I slammed my notebook down and scrambled to my feet. “You told me that abandon always merits a second chance at life. So why didn’t you catch her? You caught me! You couldn’t have done the same for her? Her fall was so much shorter! You could’ve stopped her with your wings!” Tears blazed down my cheeks. I was furious, maybe more at myself than him. I’d promised I’d never cry again.

He stared up at me from his seat on the floor. His jeweled markings blinked a fuzzy periwinkle shade, mirroring the softness of his expression. It was almost as if some small part of him sympathized. “Your mum chose to leap out in the open. There were too many spectators in the parking lot. She made it impossible to be rescued. If only she’d jumped from a little higher, her own wings could’ve saved her. Those two miscalculations cost her everything.”

“No. It was you that cost her everything. Why do you keep bugging my family?” I refused to think about the irony in my choice of words, and hoped he would do the same. If he cracked some stupid joke about it, or taunted that I’d squandered four more questions and was now down to two, I would lose every ounce of control I had left.
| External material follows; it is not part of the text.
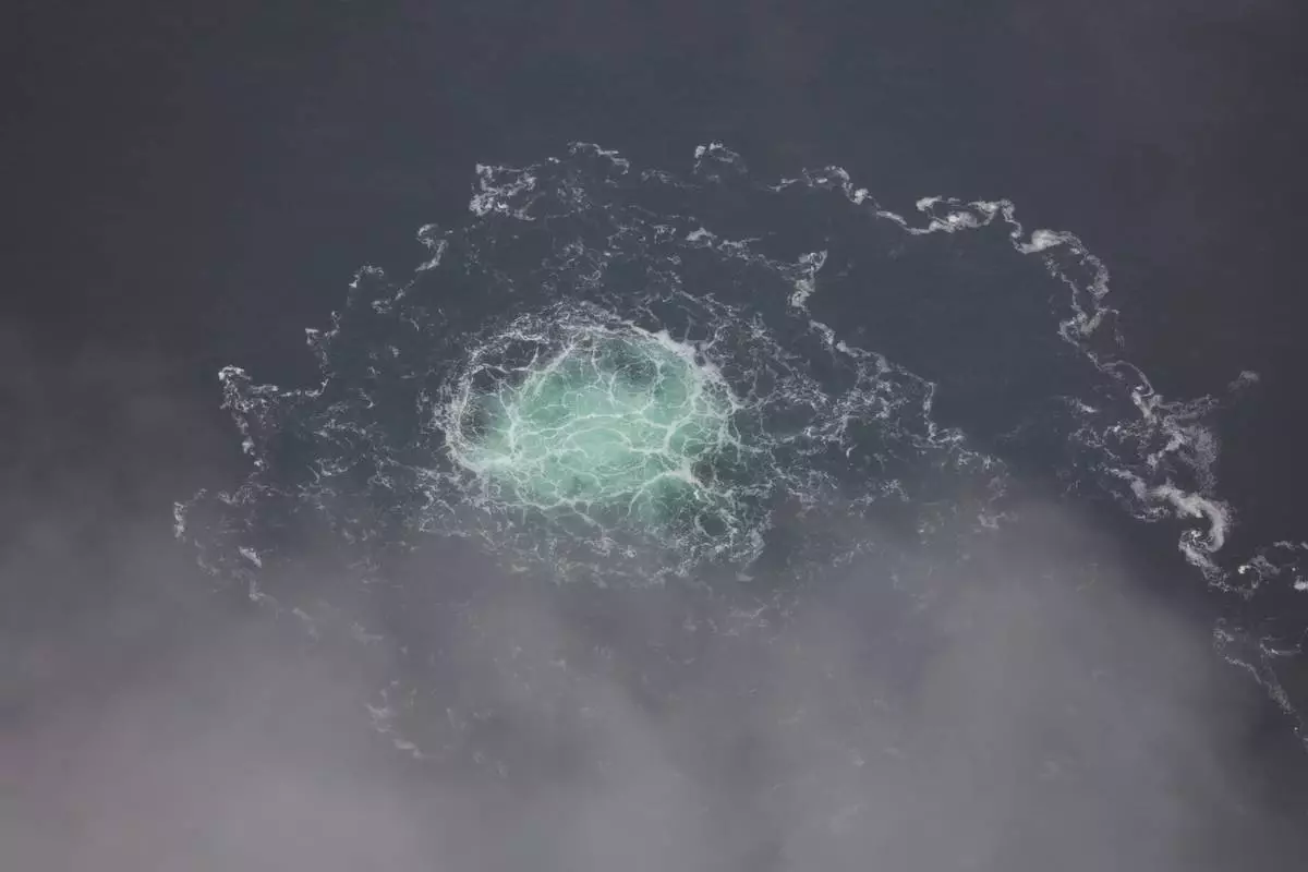 FILE - In this picture provided by Swedish Coast Guard, a leak from Nord Stream 2 is seen, on Sept. 28, 2022. (Swedish Coast Guard via AP, File)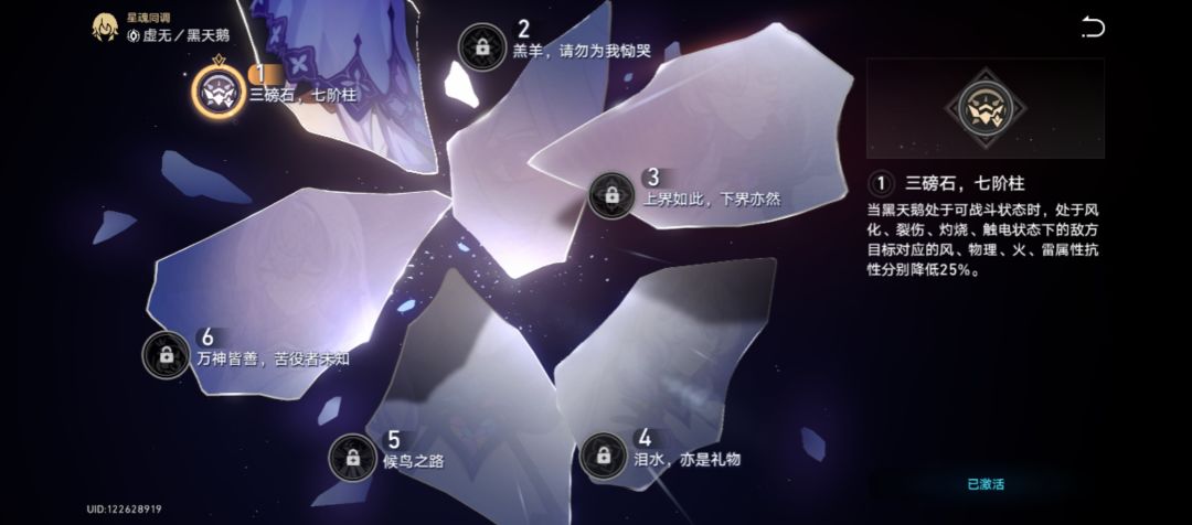 如果带决心光锥的话她自己提供的debuff数达到了恐怖的5个。但我觉得就没必要了。带上输出光锥正好弥补了真理对群乏力的不足。并且在副c的情况下释放战技的频率不需要拉满。所以也不是很缺战技点。

I’d strangle him with my bare hands, electrical magic or not.

Mercifully, he only shook his head and said, “I am not responsible for, nor am I here to make amends for, all the wrongs you’ve been dealt throughout your life. Instead, I am offering a way for you to honor your mum’s death. To make peace with it.”

I slapped the hot wetness from my face. “I don’t want to make peace with it! All I’ve ever wanted was to know her. And the only things I have to remember her by are these stupid stories! The stories that killed her.” I kicked the books toward him. They slid along the floor a few inches but didn’t go far enough. I glared at them, wishing they would leap into the air, dive down on him like birds of prey . . . grow beaks and peck out those beautiful, endless black eyes so filled with cryptic riddles and even more cryptic answers.

As if hearing my thoughts, the two books lifted from the floor, pages flapping wildly, like wings. They swooped toward him to attack, but he was ready, safely behind a dome formed of blue lightning.

“Splendid show,” he said with something like pride in his voice as he straightened the cravat at his neck. “Do let me know when you’re finished with your tantrum.”

Wait. I’d spurred the books to action? I made them fly? My jaw dropped.

Not possible. The books fell to the floor with a clunk, as if my logical reasoning killed them.

“I did that.” It was an observation. Even in my state of disbelief, I was aware enough not to frame it as a question. I only had two left now . . . choose your words wisely.

I looked from the crashed books to Morpheus, who had reeled in his magic and was unprotected again, waiting in the moonlight, patient and somber.

“My mom, she had the same abilities, didn’t she?”

He returned his hat to his head. “Yes, though hers were dormant. I tried to awaken them, to show her in her dreams what she was capable of. Tried to encourage her to animate her paintings on the walls. But before she could . . .” He held up a palm. “Well, never mind that. You enlivened those books almost without trying. Think what you can accomplish with guidance and focus. You see, you do know your mum. Because that touch of magic was a part of her. What she left you via the blood you share. What you choose to do with it, that’s up to you. All she wanted was freedom and escape. Some might say she got that. But as for you, something tells me such an ending wouldn’t be satisfactory for one with your . . . drive and determination. So, what do you want, Alison?”